- Opening Delimiter -
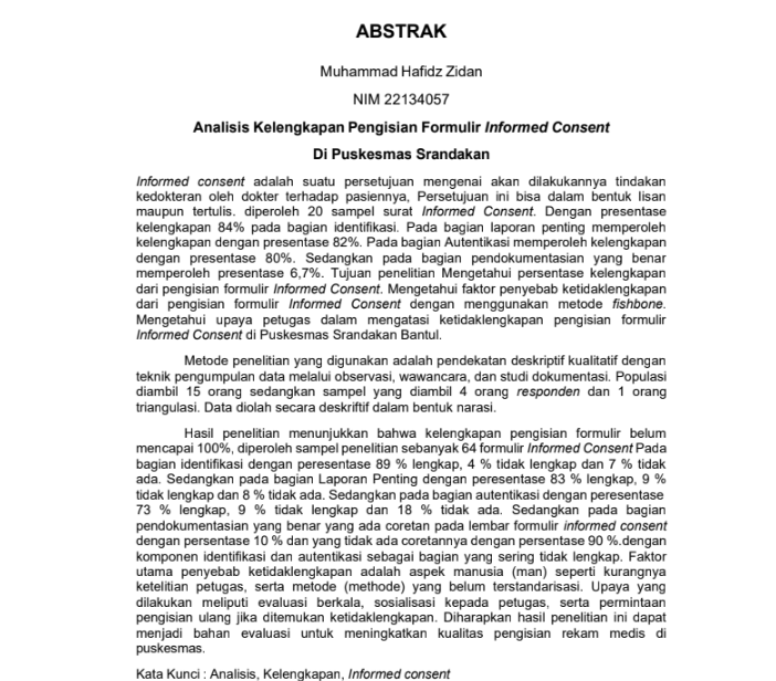 Zidan, Muhammad Hafidz and Kurniawan, Agung and Narendra, Indra (2025) ANALISIS KELENGKAPAN PENGISIAN FORMULIR INFORMED CONSENT DI PUSKESMAS SRANDAKAN BANTUL. Diploma thesis, Politeknik Kesehatan Bhakti Setya Indonesia.
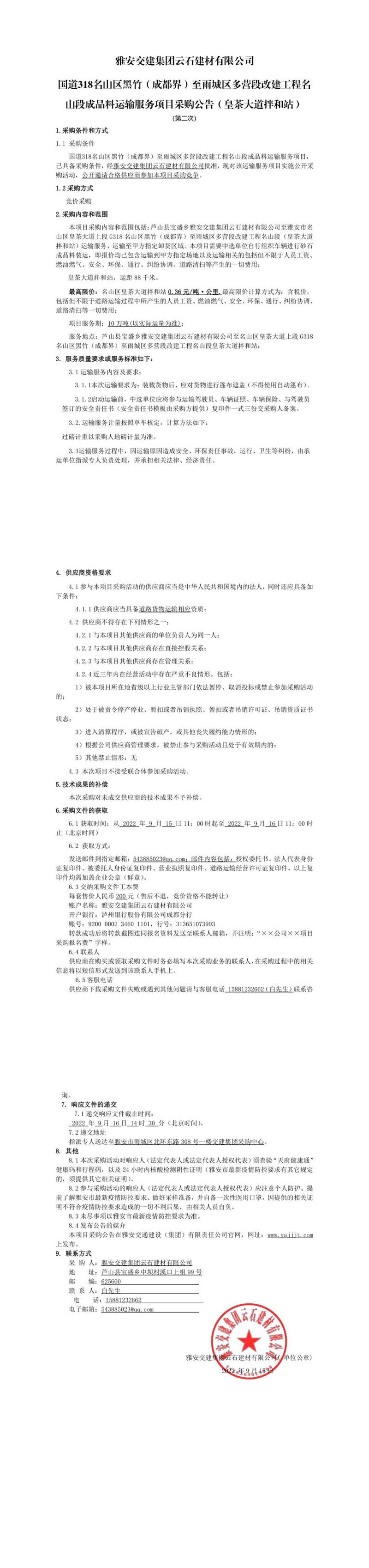 雅安交建集團(tuán)云石建材有限公司國道318名山區(qū)黑竹(成都界)至雨城區(qū)多營段改建工程名山段成品料運(yùn)輸服務(wù)項(xiàng)目采購公告(皇茶大道拌和站)
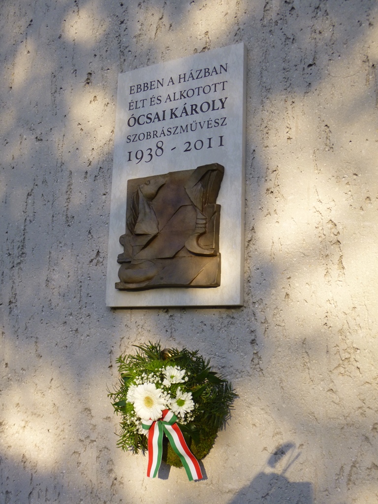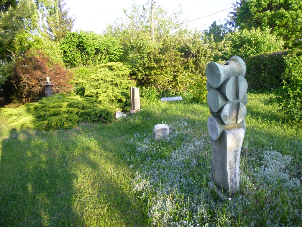 A kertben is több műve van, melyek állapota romlik, ill. néhányat innen be kellett menteni. Itt koszorút helyeztünk el emléktáblájánál a műterem falán.
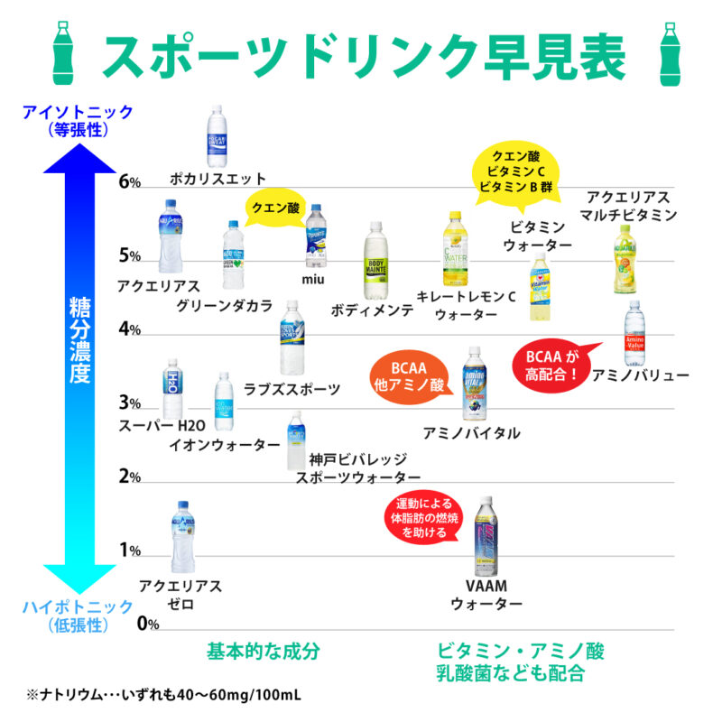 아래 도표는 일본에서 인기 있는 스포츠 음료를 당도 농도와 성분 특성별로 비교한 내용인데, 왼쪽일수록 저당(하이포토닉),위로 갈수록 고당(아이소토닉) 성격을 갖고 있어 참고하면 좋아요!
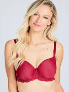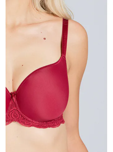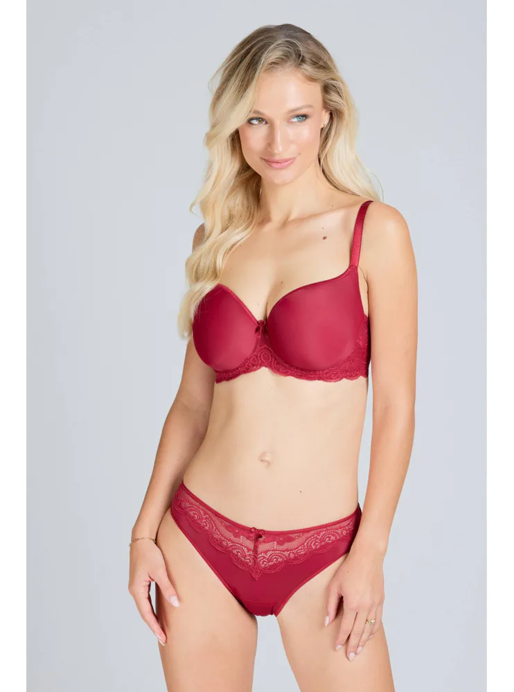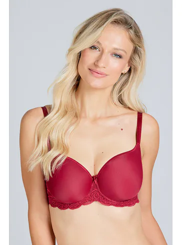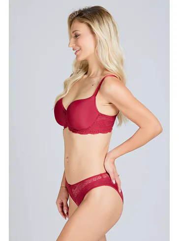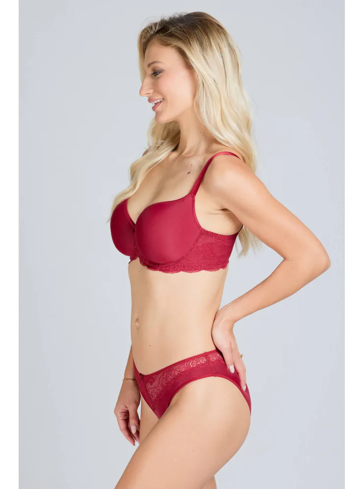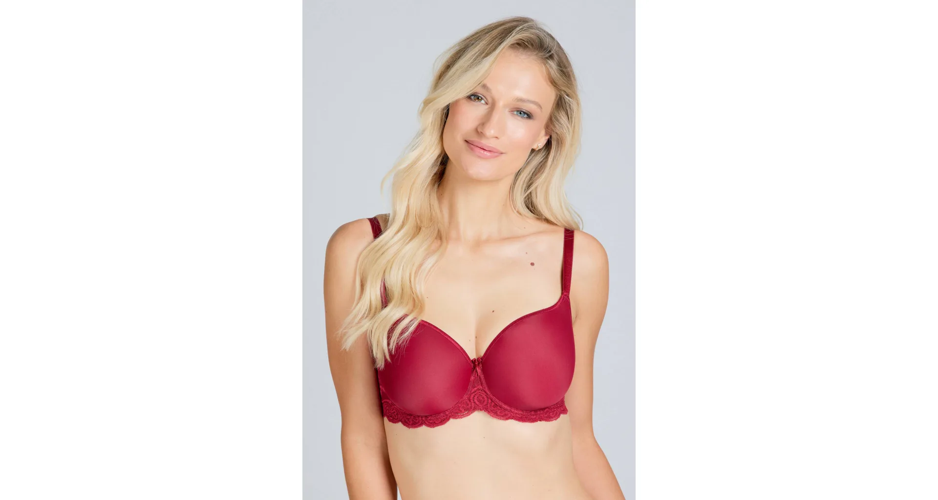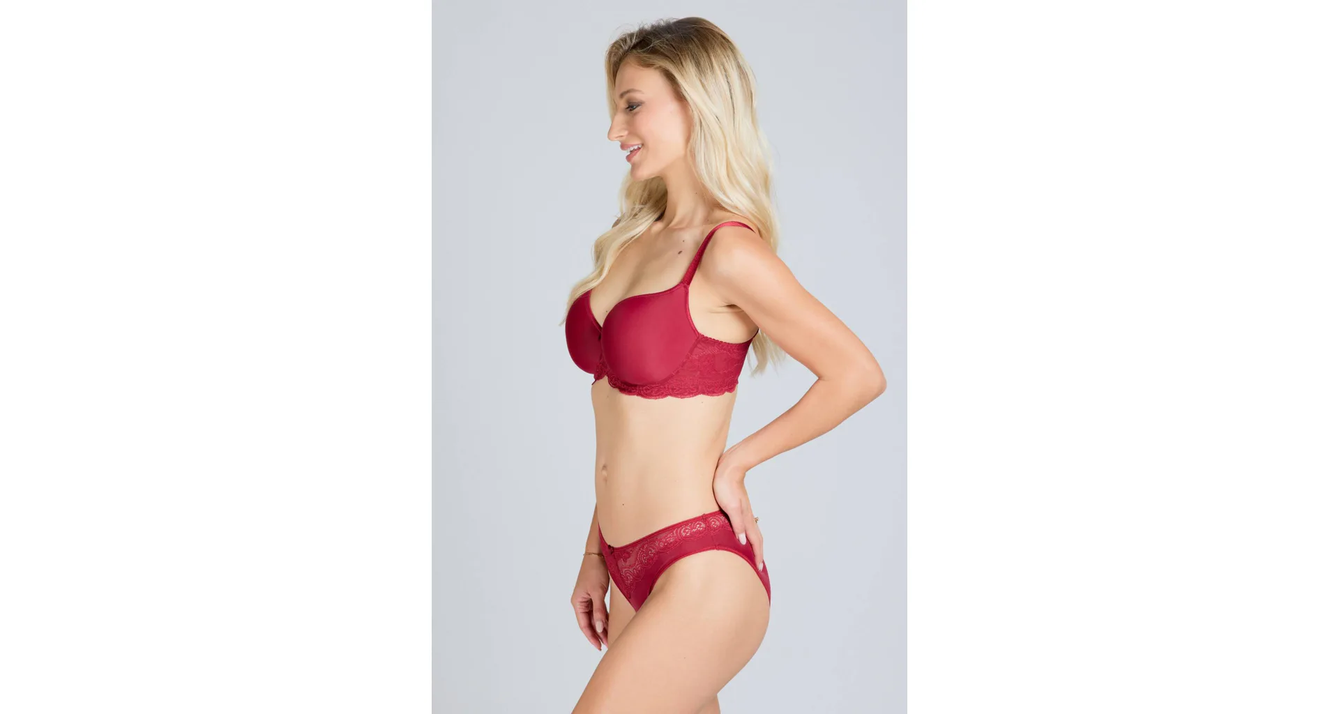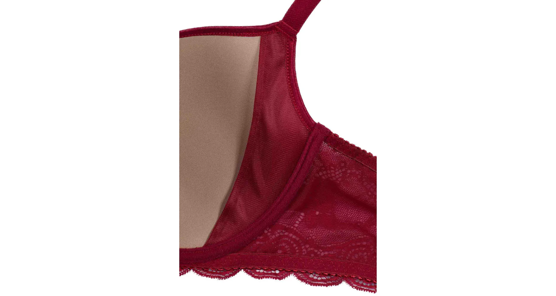 Tmavo červená podprsenka s vyšším stredom zafixuje poprsie v správnej výške. Viete, čo je dištančná technológia? Ide o inovatívny spôsob výroby, ktorý umožňuje cirkuláciu vzduchu a košíčky sa lepšie prispôsobia prirodzenému tvaru vašich pŕs. Podprsenka zaujme jemnou čipkou vpredu aj vzadu, čo jej dodáva romantický vzhľad. Má širšie nastaviteľné popruhy a praktické zapínanie vzadu pomocou troch háčikov s tromi uťahovacími polohami. Doprajte si luxus, ktorý si zaslúžite.
- Closing Delimiter -
• **TASK REQUIREMENTS**:
Quote the records above exactly, from the first line through the line containing "A kertben is", and leave out the pictures.

• **WRITTEN RESPONSE**:
 Zidan, Muhammad Hafidz and Kurniawan, Agung and Narendra, Indra (2025) ANALISIS KELENGKAPAN PENGISIAN FORMULIR INFORMED CONSENT DI PUSKESMAS SRANDAKAN BANTUL. Diploma thesis, Politeknik Kesehatan Bhakti Setya Indonesia.
 雅安交建集團(tuán)云石建材有限公司國道318名山區(qū)黑竹(成都界)至雨城區(qū)多營段改建工程名山段成品料運(yùn)輸服務(wù)項(xiàng)目采購公告(皇茶大道拌和站)
 A kertben is több műve van, melyek állapota romlik, ill. néhányat innen be kellett menteni. Itt koszorút helyeztünk el emléktáblájánál a műterem falán.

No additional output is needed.